Review:
Largo is not a Hooters’ album, but its pedigree is Hooter-related. “While attending the University of Pennsylvania in Philadelphia, …[Rob] Hyman met future bandmate and composing partner Eric Bazilian and producer Rick Chertoff. The three of them formed a band called Wax, with Hyman and Bazilian later forming a band called Baby Grand in the late 1970s” (Wikipedia.org). “After Baby Grand disbanded, Hyman and Bazilian decided to try something new by combining reggae, ska, and rock-n-roll to create The Hooters in 1980” (Wikipedia.org).
The Hooters went on hiatus in the mid-‘90s and, “in 1998, Hyman again collaborated with Chertoff to create the concept album Largo” (Wikipedia.org), featuring a number of special guests. Chertoff produced while Hyman contributed songwriting, vocals, and keyboards. Bazilian also made contributions to the album as a session musician.
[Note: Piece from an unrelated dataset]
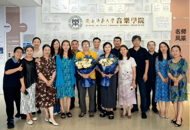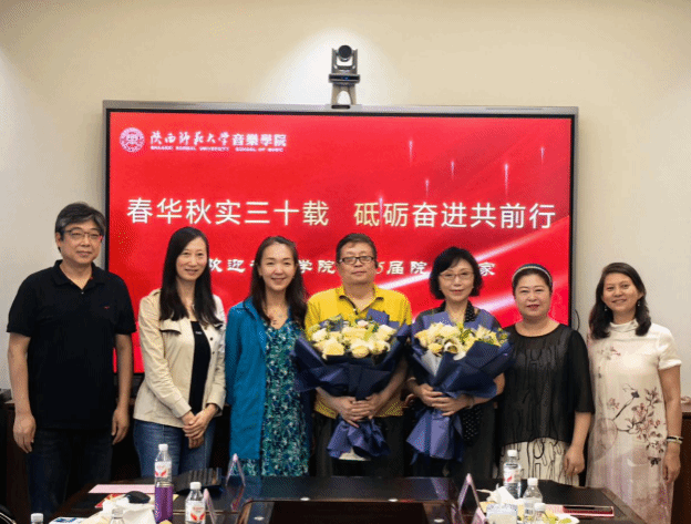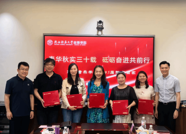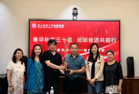 交流中,1995 届学生代表向当年代课教师献花,以表感恩之情。学院与校友还互赠了纪念品,承载着彼此深厚情谊与美好祝福。交流会结束后,全体与会人员合影留念,校友们在学院师生陪同下,参观了教室、琴房、终南音乐厅等场所,进一步了解学院现状与发展。

“Largo’s concept is a heady one: A song cycle” (Sprague) “based on the largo movement of Antonín Dvorák’s Symphony No. 9, in E Minor From the New World” (Wikipedia.org), “which was itself inspired by the Czech composer’s love for indigenous American music of the early 20th century” (Sprague).
The result is a collection “of contemporary frontier ballads, Appalachian reels and work songs…[that] point to The Band’s early work” (EW). Examples of the set’s diverse spectrum “ranges from the swamp-rock shuffle of Disorient Express to the poignantly soaring power balladry of An Uncommon Love, with a real highlight coming via Medallion (which transposes Springsteen-styled workingman’s rock to the life of a Pakistani immigrant cabbie)” (Sprague).
“Thanks to the songwriting savvy of mastermind Rob Hyman…and the efforts of such special guests as Joan Osborne, Cyndi Lauper, and Taj Mahal, the concept never weighs down the music” (Sprague). This is “a highly imaginative, and frequently moving, album” (EW).